| Task objective |
Exact copy, no pictures: take the lines of the listing below from the first through the one containing "2018年6月11日19:3".

| Data |
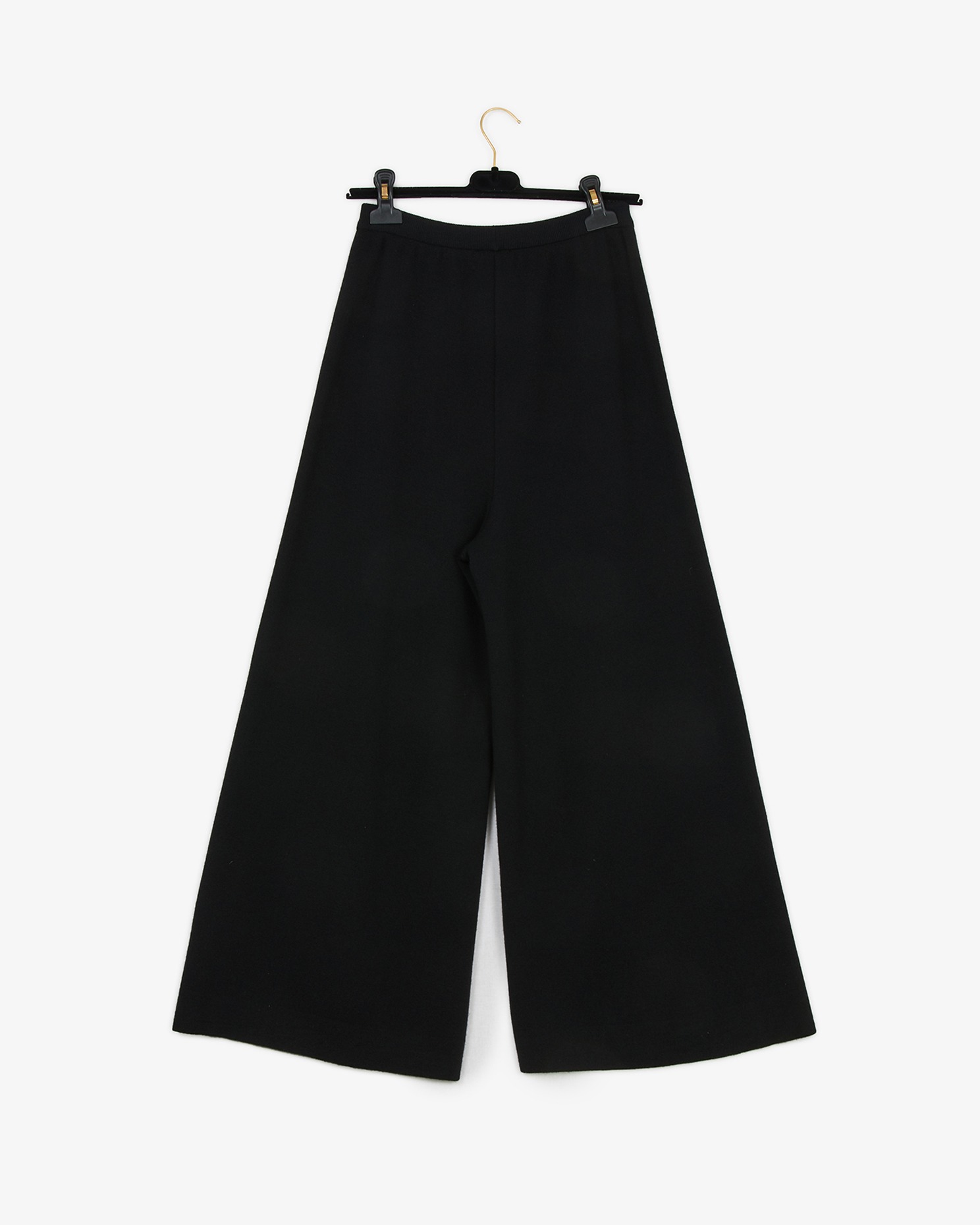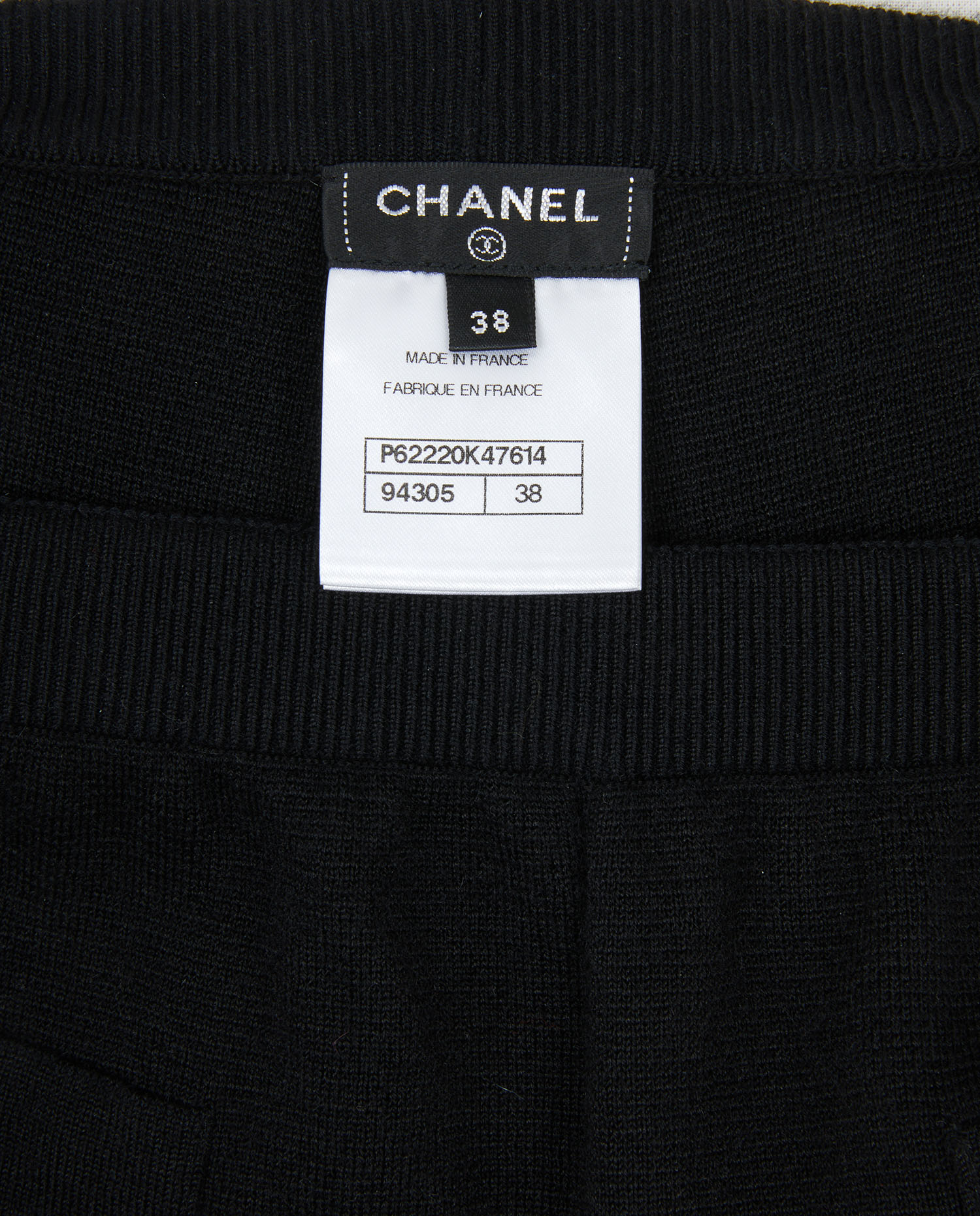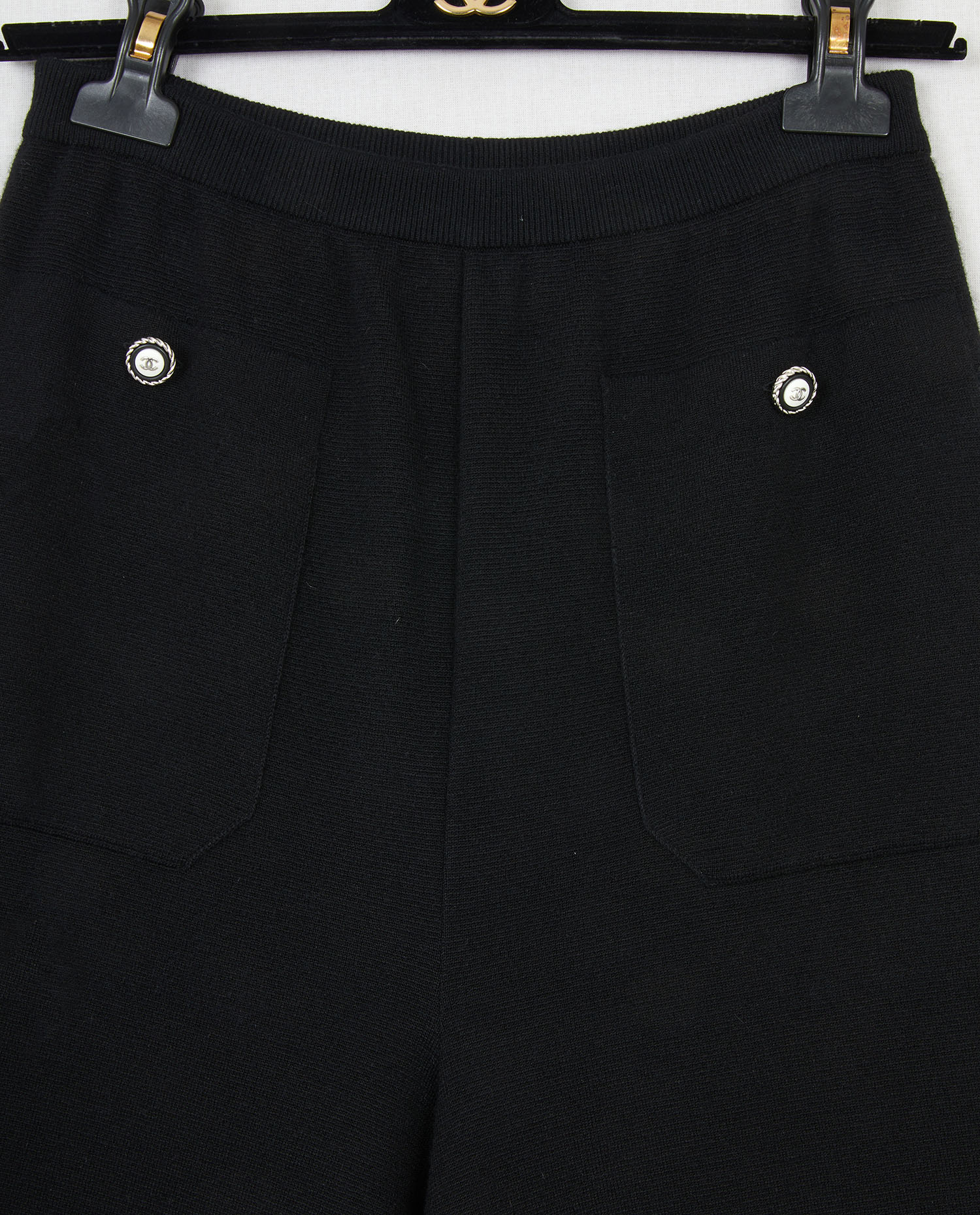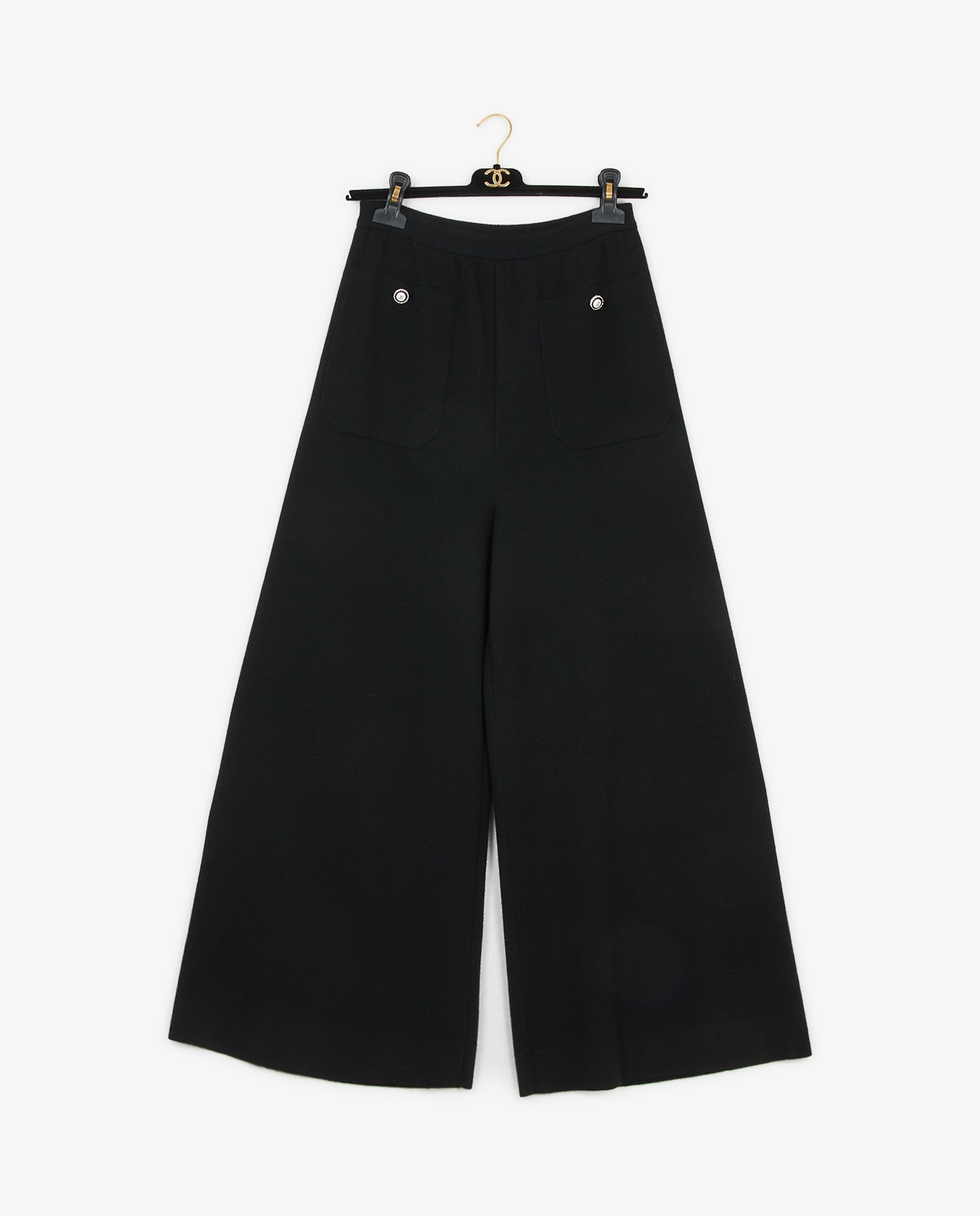 Chanel pants in black cashmere and cotton. Size 38. Two false front pockets marked with two CC buttons. Elastic waistband. In very good condition.
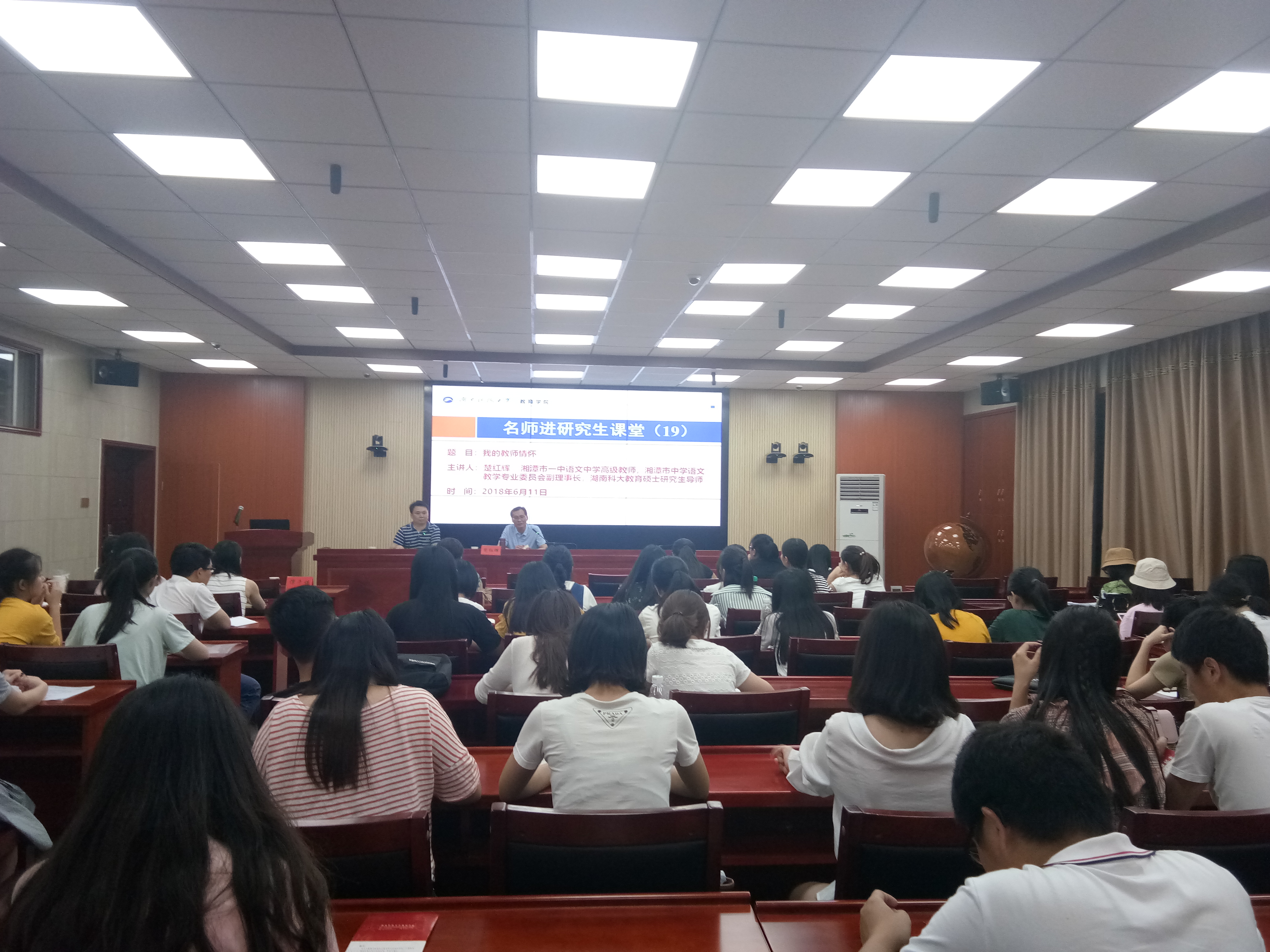 2018年6月11日19:30,湘潭市一中语文中学高级教师楚红辉在八教308报告厅为我院师生带来了题为《我的教师情怀》的讲座,教育学院教师代表、教育硕士专业研究生代表参加了本次讲座,讲座由教育学院副院长谭千保主持。
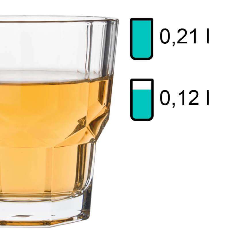 1Note: The specified 'total volume' (also referred to as gross capacity) of a glass indicates the maximum amount of liquid it can hold when filled to the brim. In contrast, the 'fill volume' (also referred to as usable volume or serving volume) describes the practically usable amount. Both values are given in ml or l. Due to production conditions, a tolerance of ±5% may occur, which corresponds to industry standards and does not constitute a defect.

| Solution to the problem |
 Chanel pants in black cashmere and cotton. Size 38. Two false front pockets marked with two CC buttons. Elastic waistband. In very good condition.
 2018年6月11日19:30,湘潭市一中语文中学高级教师楚红辉在八教308报告厅为我院师生带来了题为《我的教师情怀》的讲座,教育学院教师代表、教育硕士专业研究生代表参加了本次讲座,讲座由教育学院副院长谭千保主持。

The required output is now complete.